Алпеим откровенно рассмеялся, а Кокпай, снова пропустив колкости поэта мимо ушей, продолжал как ни в чем не бывало.
— Слушайте дальше, Абай-ага! Все общество просит у вас совета. Я говорил о духовенстве, но вас ждут и многие другие люди с обоих берегов. Это известные татарские коммерсанты, домовладельцы, хозяева больших магазинов— такие, как почтенный Вали-бай, Сыдык-бай, Исхак, богач Икрам, мирза Шерияздан. А с ними вкупе и наши казахские городские баи: Сейсеке, Хасен, Жакып, Блеубай-хаджи. К ним присоединяют свой голос и недавно вступившие в ряды почетных граждан города, ныне известные вам купцы Бахия-хаджи, Балажан, Турбек, чьи караваны ходят от самого Ирбита до Китая.
По недовольному выражению лица Абая, от которого Кокпай не отрывал испытующего взгляда, он догадывался, что вряд ли поэт считает всех этих баев за порядочных людей. Но Кокпая послали говорить, и он говорил, ничего не поделаешь! Перечислил сначала имена знатных богатеев и хаджи, а потом перешел к другим: «Если, мол, эти не нравятся, то у нас всякие есть, на любой вкус».
Рассчитывая, что эти люди будут приятнее Абаю, Кокпай не преминул упомянуть, что и служилая интеллигенция — зиялы — также примыкают к духовным отцам и торговцам в одном общем для них деле. Двое из них — степенные пожилые люди, известные в народе толмачи, уже успевшие построить себе в городе приличные дома. А уж другие — это настоящие зиялы, передовые, просвещенные люди, получившие образование в Петербурге или в Москве. Иные из них и сейчас учатся: иные из них потомки ханов и высоких чиновников, дети «известных семей», «выходцы из верхушки рода Суюндик», «сыны прославленных родов Каракесек», «из знаменитого гнезда Токал-Аргына», или «из сильных аулов Наймана». Сев на своего конька, Кокпай неудержимо помчался вперед, до небес превознося ханов, султанов и тюре.
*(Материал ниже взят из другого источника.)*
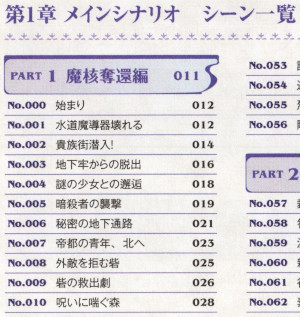 なお、目次の次ページにはシーンの番号とタイトルと掲載ページ数が載っている「メインシナリオ シーン一覧」があるので、特定のシーンのセリフの掲載場所を迷うことなく知ることができます。

По просьбе Абая Кокпай принялся именовать всех постоянно живущих в городе и находящихся здесь проездом интеллигентов, которые, оказывается, тоже никак не могли обойтись без Абая. Первым Кокпай назвал крупного чиновника-тюре Азимхана Жабайханова. За ним некоего Сакпына Сакпаева, обучающегося в Петербурге «по адвокатской части». Потом Башира Баспакова, собирающегося стать ветеринаром, большого барина Кадыра Нуржанова, а также и хорошо известных Абаю, ныне вышедших в люди Сарманова, Самалбека, Данияра.
В конце концов Абай и действительно заинтересовался, как и на чем могли сойтись правоверные служители аллаха с образованными по-русски казахскими чиновниками из царских канцелярий. Кокпай умышленно тянул, не очень-то распространяясь на этот счет, а лишь добавляя все новые и новые имена. Все эти люди, вместе взятые и каждый из них в отдельности, будто бы имеют намерение лично говорить с Абаем с глазу на глаз. Он же, Кокпай, выполняет лишь скромное поручение — узнать мнение Абая и сообщить имамам этой стороны — Ашим-ходже и Ахметжан-хазрету — о готовности его присоединить свой голос к голосам упомянутых знатных людей.
А в чем же высокая цель, всех праверных вкупе объединяющая? Цель эта в создании единого всероссийского религиозного центра «муфтията», подчиняющегося муфтию, который станет верховным пастырем всех мусульман города; мало этого— всей Семипалатинской области, и— более того— всего казахского народа, якобы неотложно в этом нуждающегося.
Признавая муфтия своим главою, ему должны также подчиниться все приверженцы ислама в Казани, Уфе, Оренбурге, Троицке, Омске. Таким образом, «тридцатимиллионное мусульманское население Российской империи, братья и сестры в истинной вере, станут еще ближе друг другу, сплотятся в единую семью».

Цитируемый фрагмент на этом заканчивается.